== Material shown ==
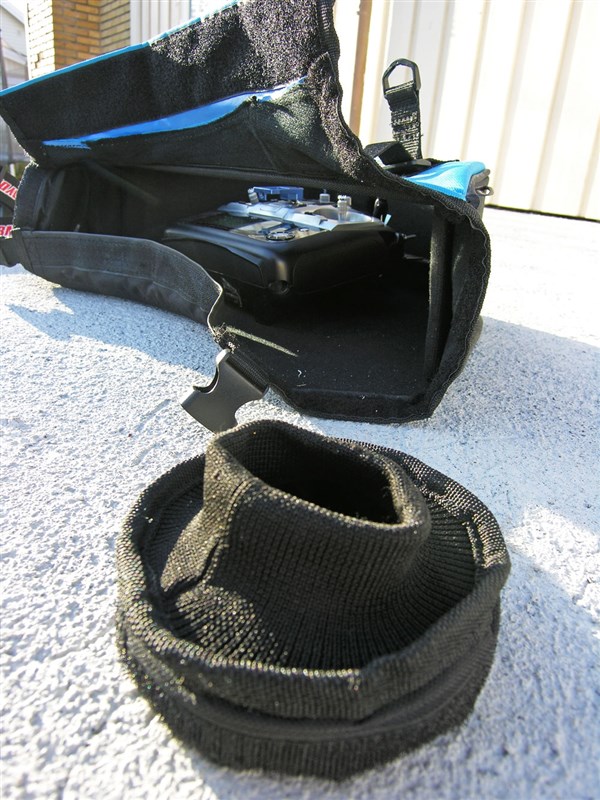 Foran har votten et område i myk gummi med et spor slik at du kan snitte hull til antenne. For 2,4 GHZ-radioer skal antennen vinkles slik at den ikke peker med tuppen mot flyet. Det forutsetter at du får antennen langt nok ut til at leddet kommer utenfor votten. Det er ikke noe problem med eks. Spektrum DX6, men modul-radioer med 2,4 hvor antenneleddet sitter bak senderen bør ha antennen inne i votten, slik at den kan bøyes til siden. Det er plass nok til begge deler.
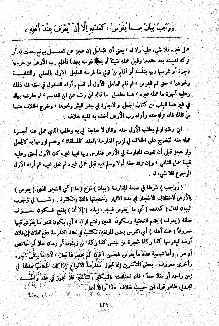 (وَوَجَبَ) شَرْطًا فِي صِحَّةِ الْمُغَارَسَةِ (بَيَانُ) نَوْعِ (مَا) أَيْ الشَّجَرِ الَّذِي (يُغْرَسُ) بِالْأَرْضِ لِاخْتِلَافِ الْأَشْجَارِ فِي مُدَّةِ الْإِثْمَارِ وَخِدْمَتِهَا بِالْقِلَّةِ وَالْكَثْرَةِ. وَشَبَّهَ فِي وُجُوبِ الْبَيَانِ فَقَالَ (كَعَدَدِهِ) أَيْ مَا يُغْرَسُ فَيَجِبُ بَيَانُهُ (إلَّا أَنْ) بِفَتْحٍ فَسُكُونٍ حَرْفٌ صِلَتُهُ (يُعْرَفُ) بِضَمِّ التَّحْتِيَّةِ وَسُكُونِ الْعَيْنِ وَفَتْحِ الرَّاءِ، أَيْ يَكُونُ قَدْرَ مَا يُغْرَسُ فِيهَا مَعْرُوفًا (عِنْدَ أَهْلِهِ) أَيْ الْغَرْسَ بَعْضُ الْمُوثَقِينَ تُكْتَبُ فِي عَقْدِ الْمُغَارَسَةِ دَفَعَ فُلَانٌ إلَى فُلَانٍ أَرْضَهُ لِيَغْرِسَهَا كَذَا وَكَذَا شَجَرَةً مِنْ جِنْسِ كَذَا وَكَذَا مِنْ زَيْتُونٍ أَوْ رُمَّانٍ حُلْوٍ أَوْ حَامِضٍ أَوْ مُرٍّ. وَأَمَّا تَسْمِيَةُ عَدَدِ مَا يُغْرَسُ فَحَسَنٌ، فَإِنْ لَمْ يَحْصُرْهَا جَازَ لِأَنَّ مَا يَبْقَى شَجَرُهُ وَأُخْرَى مَعْرُوفٌ. بَعْضُ الْمُتَأَخِّرِينَ إنَّمَا تَجُوزُ مُغَارَسَةُ الْأَنْوَاعِ إذَا كَانَ إطْعَامُهَا مُتَّفِقًا فِي زَمَنٍ وَاحِدٍ أَوْ مَثَلًا حَقًّا، فَإِنْ اخْتَلَفَتْ بِالتَّبْكِيرِ وَالتَّأْخِيرِ فَلَا تَجُوزُ فِي عَقْدٍ وَاحِدٍ. الْبُرْزُلِيُّ ظَاهِرُ قَوْلِ ابْنِ حَبِيبٍ خِلَافُ هَذَا وَاَللَّهُ أَعْلَمُ.
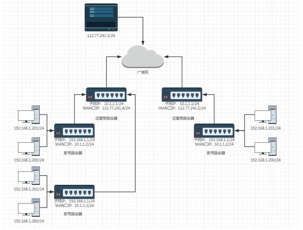 - 家用路由器可以进行子网的构建,那么全国中一定有多个家用路由器,这些路由器也要构建一个子网才能进行通信,由运营商的路由器进行构建,也就是说家用路由器的另一侧也并不是广域网,而是运营商路由器构建的子网;
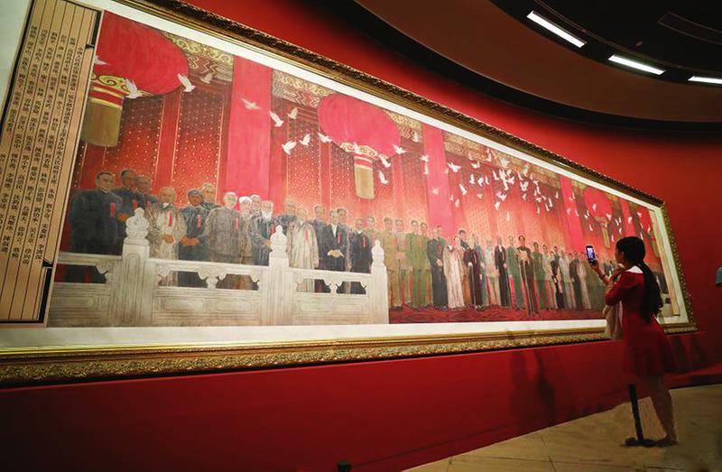 9月26日,“伟大历程壮丽画卷——庆祝中华人民共和国成立70周年美术作品展”在北京的中国美术馆举办。此次展览总计展出作品480余件,重点遴选了一批新中国成立以来不同时期反映现实题材的作品,汇集国内20余个重要美术馆的经典藏品,几乎囊括了新中国成立以来所有的经典之作。图为中国画《新中国诞生》。
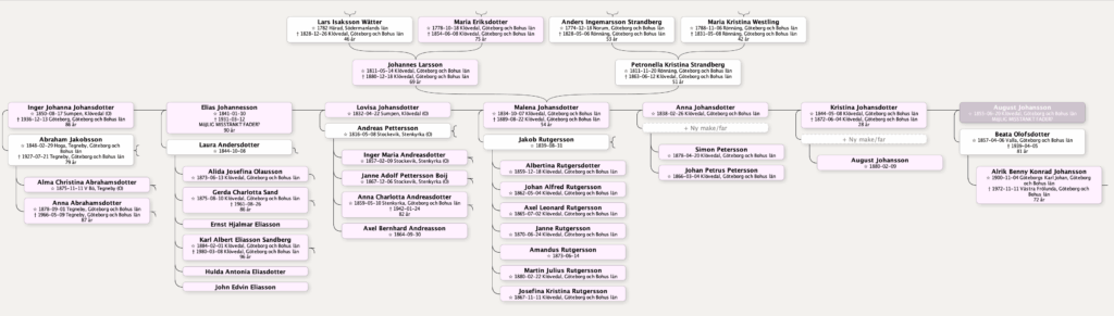 Jag vet inte hur vanligt eller ovanligt det är att man kan belägga alla sina släktingar med DNA ur ett bredare perspektiv. Hur många på 1800-talet får ättlingar som lever idag och DNA-testat sig? Tittar jag i mitt eget släktträd är det många grenar som dör ut efter några generationer. Det är kanske inte så uppseendeväckande om Anna Marias anfäder inte dykt upp ännu i DNA-träfflistan. Jag har haft anledning att gräva lite djupare i det den senaste tiden. Johannes Larsson (f. 1811 i Klövedal) och Petronella Kristina Strandbergs (f. 1811 i Rönnäng) kan nämligen tillhöra Adolf Simon Svenssons fru Anna Karolina Hansen (f. 1875 i Göteborgs Gamlestad).
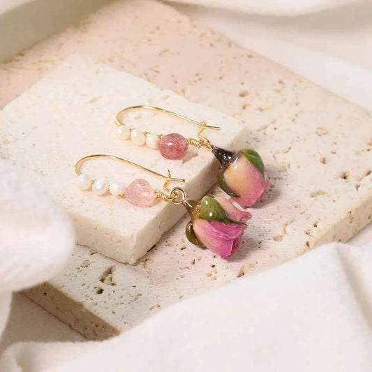 Natural Freshwater Pearl Drop Gel Flower Earrings Korean Style Women's Luxury Vintage Jewelry Fashion Ladies and Girls Gift
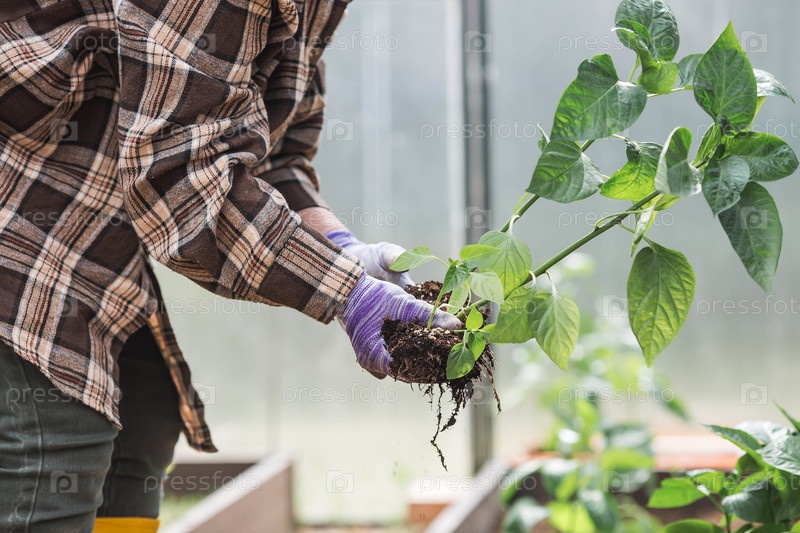 Пожилая женщина в садовых перчатках сажает молодое растение в землю. Семена колокольного перца высаживают в землю. Концепция весенней посадки овощей и сельского хозяйства
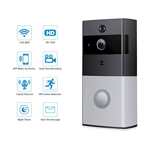QGGESY WiFi Campanello/videocitofono Senza Fili da Esterno,Impermeabile Campanello Wireless Video Visione Notturna,App di Promemoria di Rilevamento del Movimento PIR per iOS,Android,set1
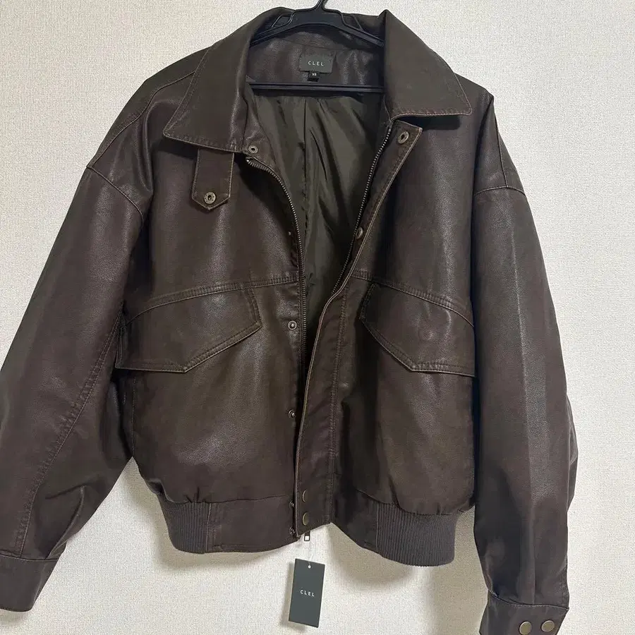 CLEL 빈티지 디자인 인조 가죽 블루종 브라운
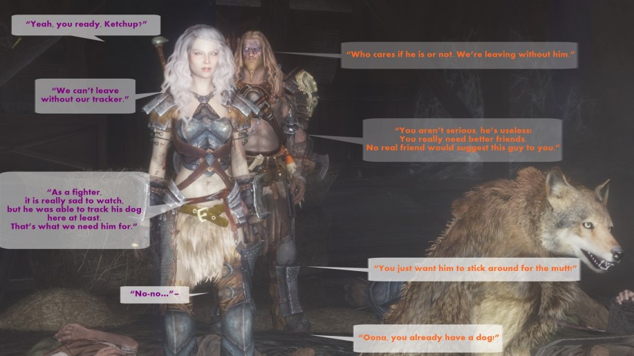 “Yeah, you ready, Ketchup?” – Oona “Who cares if he is or not. We’re leaving without him.” – Othor “We can’t leave without our tracker.” – Oona “You aren’t serious, he’s useless! You really need better friends. No real friend would suggest this guy to you.” – Othor “As a fighter, it is really sad to watch, but he was able to track his dog here at least. That’s what we need him for.” – Oona “You just want him to stick around for the mutt!” – Othor “No-no…”– Oona “Oona, you already have a dog!” – Othor
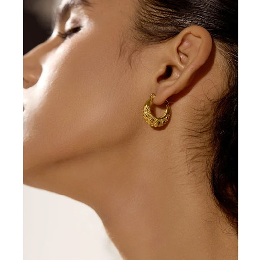 Sold outCaved Crescent Hoop Earrings
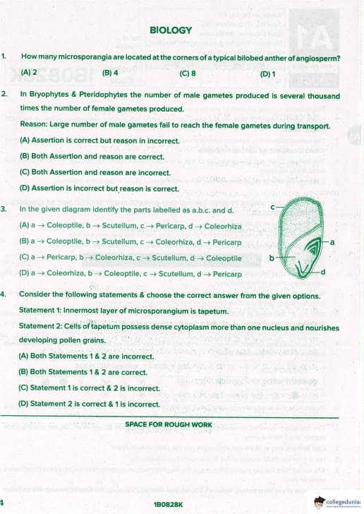 Hence total microsporangia = 2 lobes × 2 = 4. Quick Tip: Remember: “Dithecous anther → 4 microsporangia” (standard for most angiosperms).
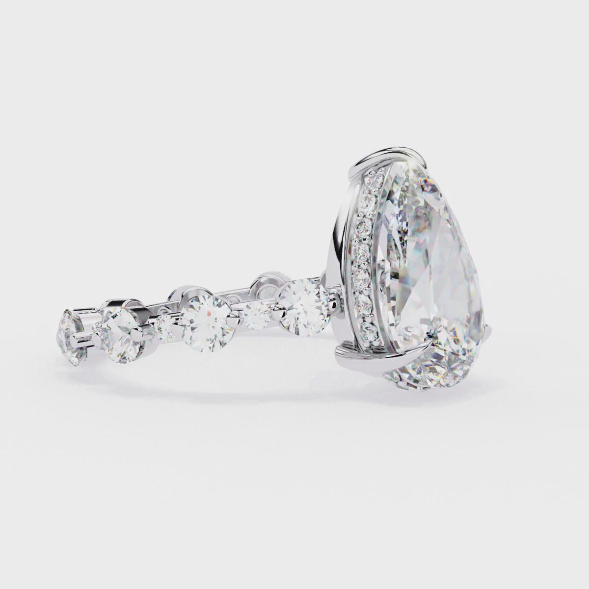The pear-cut diamond or Moissanite is known for its teardrop shape, symbolizing love and emotion. The hidden halo sits discreetly beneath the center stone, reflecting light to enhance its brilliance. The shared prong setting allows for minimal metal visibility, ensuring an uninterrupted row of dazzling accent stones.
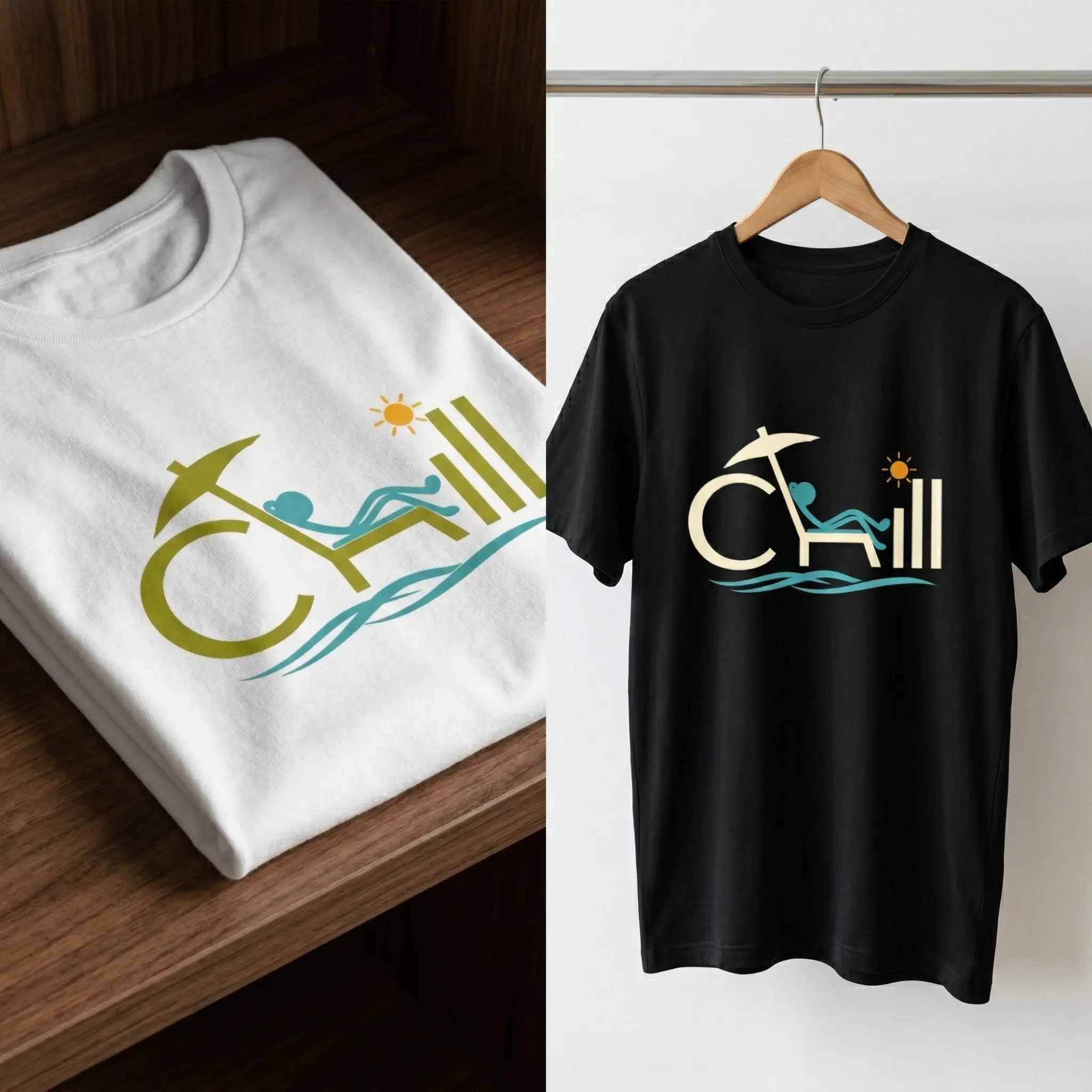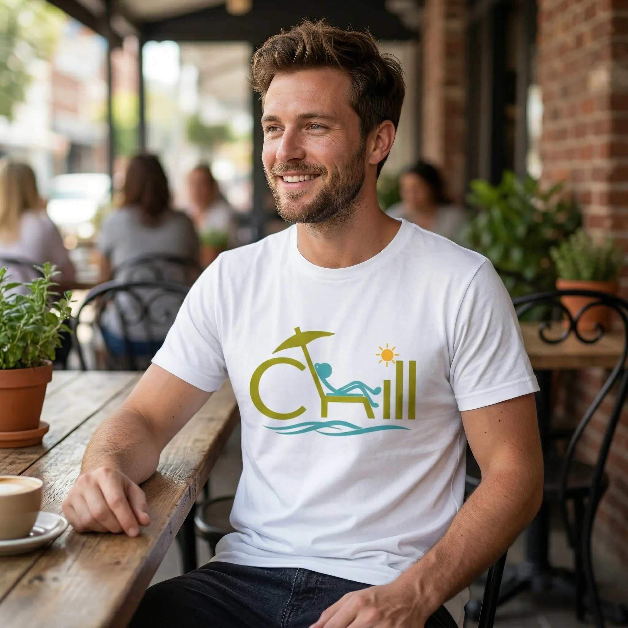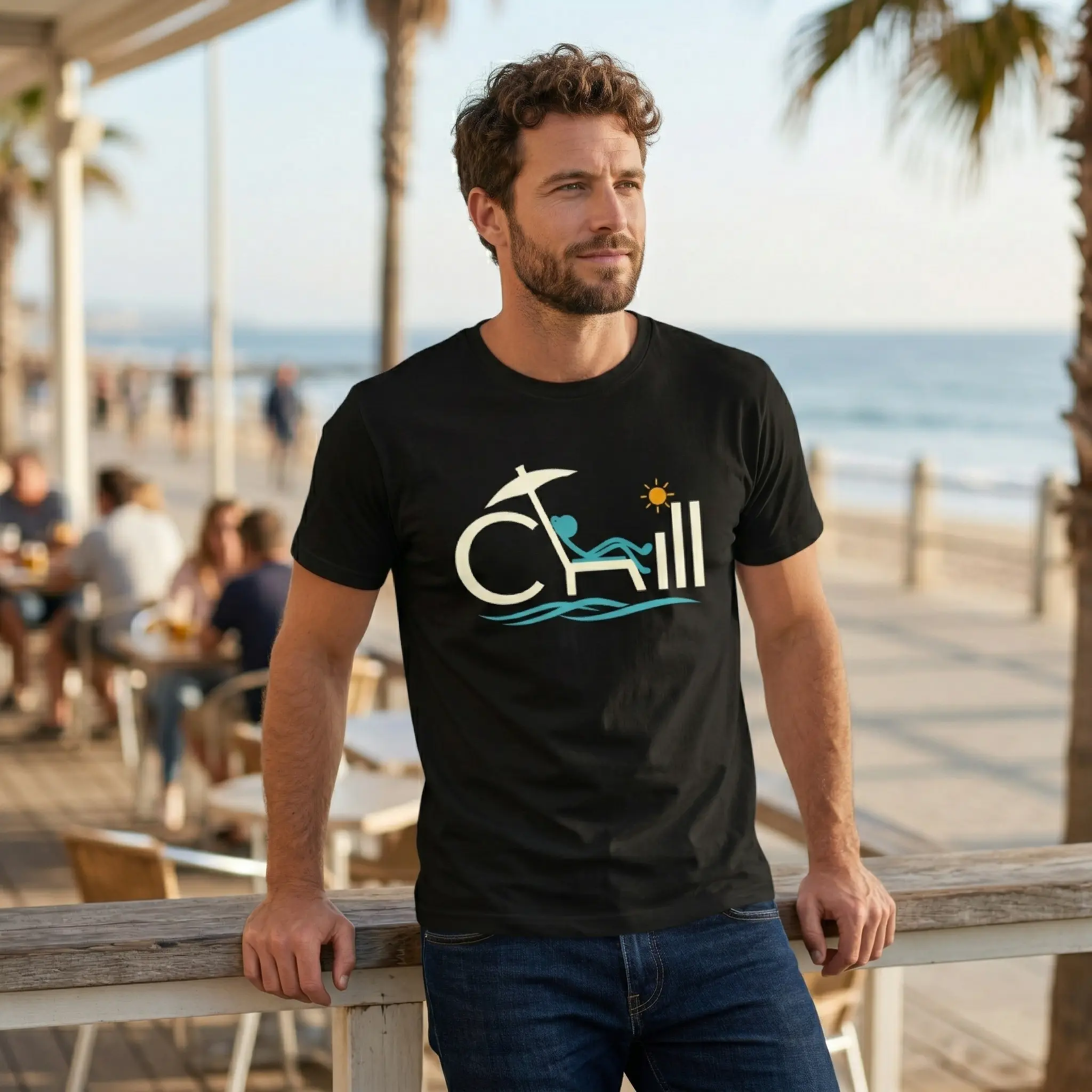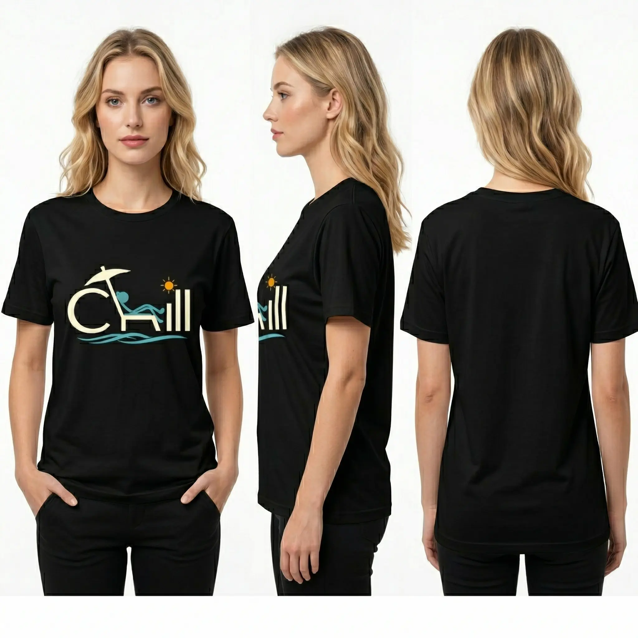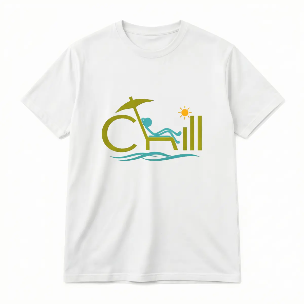 Chill Cotton Oversized T-Shirt Tee, Unisex Funny Meme T-Shirt with Beach Lounge Graphic Print for Summer Vacation Casual Streetwear Outfit
===
■ Work item ■
Pictures should be skipped, and the records retyped word for word.

■ Answer for this exercise ■
 Foran har votten et område i myk gummi med et spor slik at du kan snitte hull til antenne. For 2,4 GHZ-radioer skal antennen vinkles slik at den ikke peker med tuppen mot flyet. Det forutsetter at du får antennen langt nok ut til at leddet kommer utenfor votten. Det er ikke noe problem med eks. Spektrum DX6, men modul-radioer med 2,4 hvor antenneleddet sitter bak senderen bør ha antennen inne i votten, slik at den kan bøyes til siden. Det er plass nok til begge deler.
 (وَوَجَبَ) شَرْطًا فِي صِحَّةِ الْمُغَارَسَةِ (بَيَانُ) نَوْعِ (مَا) أَيْ الشَّجَرِ الَّذِي (يُغْرَسُ) بِالْأَرْضِ لِاخْتِلَافِ الْأَشْجَارِ فِي مُدَّةِ الْإِثْمَارِ وَخِدْمَتِهَا بِالْقِلَّةِ وَالْكَثْرَةِ. وَشَبَّهَ فِي وُجُوبِ الْبَيَانِ فَقَالَ (كَعَدَدِهِ) أَيْ مَا يُغْرَسُ فَيَجِبُ بَيَانُهُ (إلَّا أَنْ) بِفَتْحٍ فَسُكُونٍ حَرْفٌ صِلَتُهُ (يُعْرَفُ) بِضَمِّ التَّحْتِيَّةِ وَسُكُونِ الْعَيْنِ وَفَتْحِ الرَّاءِ، أَيْ يَكُونُ قَدْرَ مَا يُغْرَسُ فِيهَا مَعْرُوفًا (عِنْدَ أَهْلِهِ) أَيْ الْغَرْسَ بَعْضُ الْمُوثَقِينَ تُكْتَبُ فِي عَقْدِ الْمُغَارَسَةِ دَفَعَ فُلَانٌ إلَى فُلَانٍ أَرْضَهُ لِيَغْرِسَهَا كَذَا وَكَذَا شَجَرَةً مِنْ جِنْسِ كَذَا وَكَذَا مِنْ زَيْتُونٍ أَوْ رُمَّانٍ حُلْوٍ أَوْ حَامِضٍ أَوْ مُرٍّ. وَأَمَّا تَسْمِيَةُ عَدَدِ مَا يُغْرَسُ فَحَسَنٌ، فَإِنْ لَمْ يَحْصُرْهَا جَازَ لِأَنَّ مَا يَبْقَى شَجَرُهُ وَأُخْرَى مَعْرُوفٌ. بَعْضُ الْمُتَأَخِّرِينَ إنَّمَا تَجُوزُ مُغَارَسَةُ الْأَنْوَاعِ إذَا كَانَ إطْعَامُهَا مُتَّفِقًا فِي زَمَنٍ وَاحِدٍ أَوْ مَثَلًا حَقًّا، فَإِنْ اخْتَلَفَتْ بِالتَّبْكِيرِ وَالتَّأْخِيرِ فَلَا تَجُوزُ فِي عَقْدٍ وَاحِدٍ. الْبُرْزُلِيُّ ظَاهِرُ قَوْلِ ابْنِ حَبِيبٍ خِلَافُ هَذَا وَاَللَّهُ أَعْلَمُ.
 - 家用路由器可以进行子网的构建,那么全国中一定有多个家用路由器,这些路由器也要构建一个子网才能进行通信,由运营商的路由器进行构建,也就是说家用路由器的另一侧也并不是广域网,而是运营商路由器构建的子网;
 9月26日,“伟大历程壮丽画卷——庆祝中华人民共和国成立70周年美术作品展”在北京的中国美术馆举办。此次展览总计展出作品480余件,重点遴选了一批新中国成立以来不同时期反映现实题材的作品,汇集国内20余个重要美术馆的经典藏品,几乎囊括了新中国成立以来所有的经典之作。图为中国画《新中国诞生》。
 Jag vet inte hur vanligt eller ovanligt det är att man kan belägga alla sina släktingar med DNA ur ett bredare perspektiv. Hur många på 1800-talet får ättlingar som lever idag och DNA-testat sig? Tittar jag i mitt eget släktträd är det många grenar som dör ut efter några generationer. Det är kanske inte så uppseendeväckande om Anna Marias anfäder inte dykt upp ännu i DNA-träfflistan. Jag har haft anledning att gräva lite djupare i det den senaste tiden. Johannes Larsson (f. 1811 i Klövedal) och Petronella Kristina Strandbergs (f. 1811 i Rönnäng) kan nämligen tillhöra Adolf Simon Svenssons fru Anna Karolina Hansen (f. 1875 i Göteborgs Gamlestad).
 Natural Freshwater Pearl Drop Gel Flower Earrings Korean Style Women's Luxury Vintage Jewelry Fashion Ladies and Girls Gift
 Пожилая женщина в садовых перчатках сажает молодое растение в землю. Семена колокольного перца высаживают в землю. Концепция весенней посадки овощей и сельского хозяйства
QGGESY WiFi Campanello/videocitofono Senza Fili da Esterno,Impermeabile Campanello Wireless Video Visione Notturna,App di Promemoria di Rilevamento del Movimento PIR per iOS,Android,set1
 CLEL 빈티지 디자인 인조 가죽 블루종 브라운
 “Yeah, you ready, Ketchup?” – Oona “Who cares if he is or not. We’re leaving without him.” – Othor “We can’t leave without our tracker.” – Oona “You aren’t serious, he’s useless! You really need better friends. No real friend would suggest this guy to you.” – Othor “As a fighter, it is really sad to watch, but he was able to track his dog here at least. That’s what we need him for.” – Oona “You just want him to stick around for the mutt!” – Othor “No-no…”– Oona “Oona, you already have a dog!” – Othor
 Sold outCaved Crescent Hoop Earrings
 Hence total microsporangia = 2 lobes × 2 = 4. Quick Tip: Remember: “Dithecous anther → 4 microsporangia” (standard for most angiosperms).
The pear-cut diamond or Moissanite is known for its teardrop shape, symbolizing love and emotion. The hidden halo sits discreetly beneath the center stone, reflecting light to enhance its brilliance. The shared prong setting allows for minimal metal visibility, ensuring an uninterrupted row of dazzling accent stones.
 Chill Cotton Oversized T-Shirt Tee, Unisex Funny Meme T-Shirt with Beach Lounge Graphic Print for Summer Vacation Casual Streetwear Outfit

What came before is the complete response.